The reindeer on South Georgia were corralled into pens and slaughtered by a 16-strong team, mostly Sami reindeer herders from Norway, officials said. Marksmen shot animals in remote areas with rifles.
Up to 1500 reindeer remain for a final cull in 2014.
"It will be an amazing change for the island" to have no reindeer, Martin Collins, chief executive of the government of South Georgia and the South Sandwich Islands, told Reuters by telephone.
The reindeer, naturally at home in the Arctic at the other end of the globe, were brought to South Georgia from Norway by whalers in the early 20th century to be used as a source of food on the remote South Atlantic island.
The reindeer flourished from a few dozen and have increasingly trampled the nests of birds on the ground such as king penguins and the south Georgia pipit. They also cause soil erosion and eat local plants such as tussac grass.
"Several decades of over-grazing means that the reindeer are a severe threat to birds that are only found on this island," Reidar Andersen, head of the Norwegian Nature Inspectorate which oversaw the hunters, said in a statement.

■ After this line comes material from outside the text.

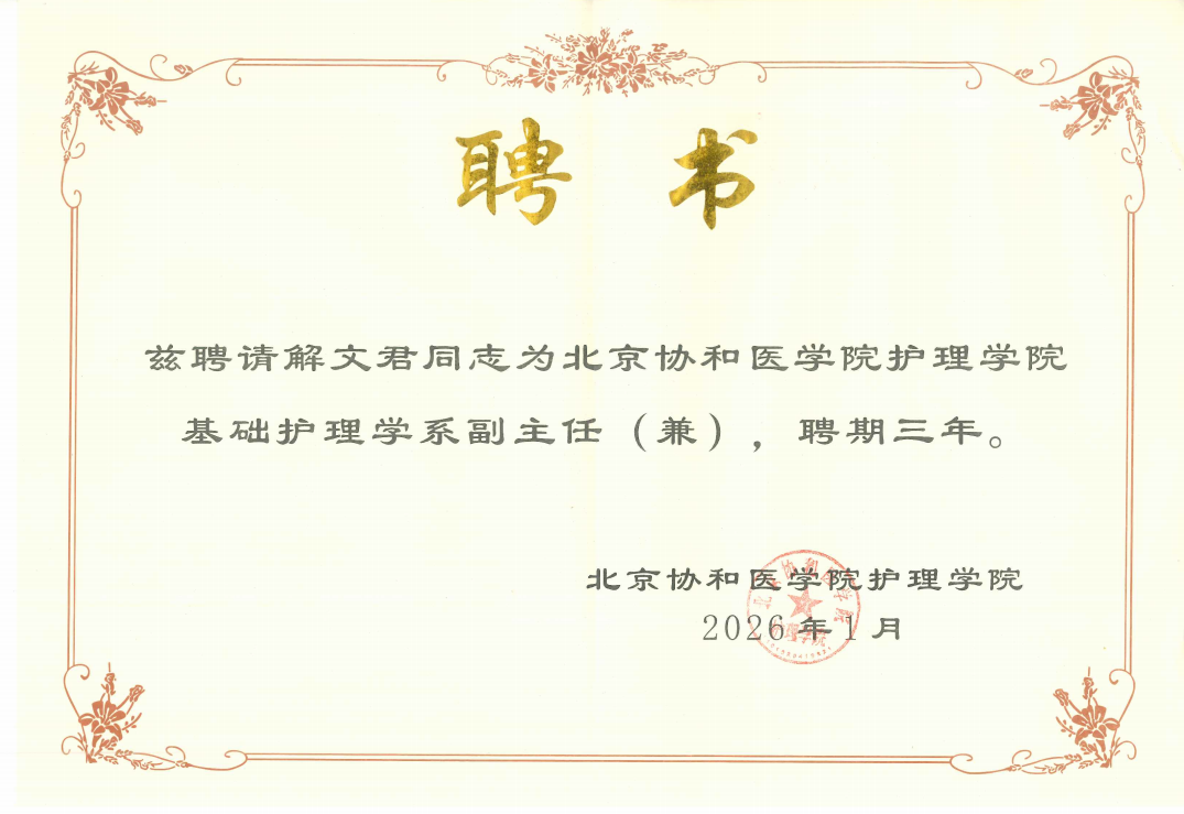 所院护理学科人才队伍再获新突破:解文君主任获聘北京协和医学院护理学院基础护理...

South Georgia is also running a long-term project to kill off rats and mice, which have spread across the island after arriving as stowaways on ships.
The unwanted animals are part of a worldwide problem of invasive species - animals or plants that take over new habitats, like European rabbits in Australia or South American water hyacinth plants in some African lakes.
Such species can spread disease and undermine food production. One estimate a decade ago of the global damage caused by invasive species was $1.4 trillion a year.
There were more reindeer than expected on South Georgia - a count last year indicated about 3,000 reindeer in total, this year the estimate was 4,500 to 5,000.
The meat from the culled reindeer, who were killed in recent weeks, has been taken by freezer ship to the Falkland Islands where it will be sold to locals and passing cruise ships to offset the £500,000 cost of the 2013 cull.
Collins said that lessons learnt from the cull might help France, which wants to eradicate reindeer introduced a century ago to the Kerguelen Islands in the southern Indian Ocean.